I've never been to the mouth of either river. I normally fish near Tippy or along Bear. Is there good access at the mouth/lake for shore fishing? I plan to be either in Manistee/Wellston or Frankfurt by Friday night, but I'll only have Friday night and Saturday to find fish... Is it worth it to drag my 14' boat (9.9hp 2 stroke) all the way up (4 hours) there for the lake (Manistee, not Michigan)?

Watcha think, guys? Point this fool in the right direction!

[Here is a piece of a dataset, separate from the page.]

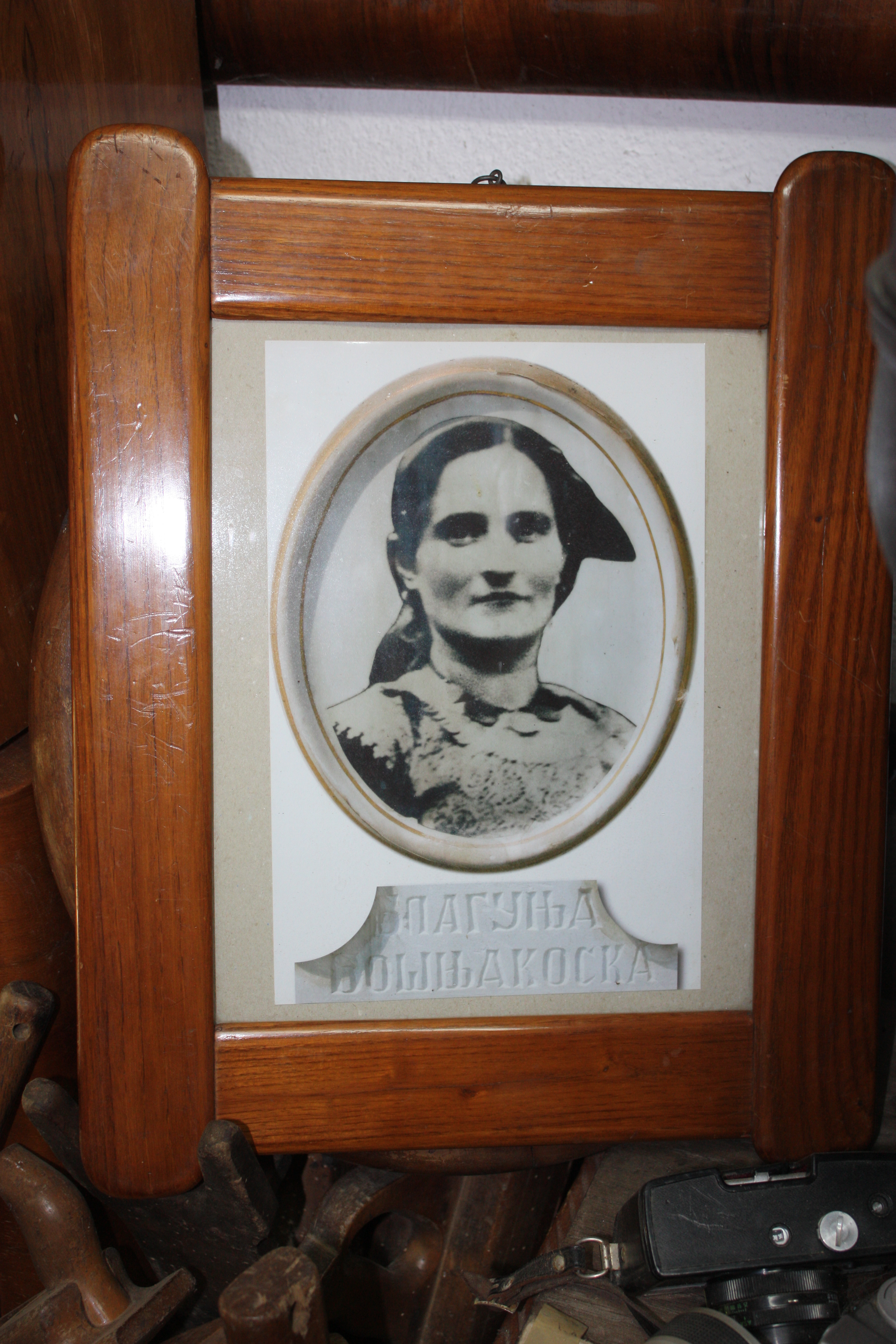 The World’s Smallest Ethnological Museum in Džepčište near Tetovo in Macedonia

Sent from my LG-LS998 using Michigan Sportsman mobile app


----------



## luckyfish (Jan 23, 2013)

Absolute Blast from the yak. This was from last year. Any river mouth this time of year should be good. We cast stick baits. Lots of fun pulling a 20lb+ from a yak. If ya go up/down the river just find a spot to park and cast cause they'll drag ya around a little bit.


----------



## salmon_slayer06 (Mar 19, 2006)

Nice fish. I would think it's prime time right now if not within the next few weeks. Seen a kayaker trolling with harbor patrol team last Sunday at manistee. Dredger isn't there this season if anyone wanted to know. Next year it'll be back


----------



## ChetTheJet (Feb 13, 2016)

luckyfish said:


> Absolute Blast from the yak. This was from last year. Any river mouth this time of year should be good. We cast stick baits. Lots of fun pulling a 20lb+ from a yak. If ya go up/down the river just find a spot to park and cast cause they'll drag ya around a little bit.
> 
> View attachment 427737
> View attachment 427743


Very nice. 


Sent from my iPhone using Michigan Sportsman mobile app


----------



## Sparky23 (Aug 15, 2007)

They are not considered lakes unless it was changed. The drowned river mouth are considered river. The reason that we could never use drop shot on white and Muskegon. However as long as your spoon isn't altered and no weight below it your fine using whatever size jigging spoon you want I believe


----------



## Macs13 (Apr 24, 2019)

Sparky23 said:


> They are not considered lakes unless it was changed. The drowned river mouth are considered river. The reason that we could never use drop shot on white and Muskegon. However as long as your spoon isn't altered and no weight below it your fine using whatever size jigging spoon you want I believe


I think that you're right regarding the jigging spoon size because the restricted section of the Manistee ends at railroad bridge. However, on Bear, Platte, Betsie, and between Tippy and railroad, it is restricted to NOTHING over an oz. You are also right about that lake being considered a drowned river mouth lake, so technically it's part of the Manistee River and has normal stream regulations. 

Sent from my LG-LS998 using Michigan Sportsman mobile app


----------



## taxi (Jan 14, 2008)

on a call said:


> Is dynamite still allowed
> 
> I think you yakers have it on !  Jig em up !!


:tdo12::tdo12::tdo12:


----------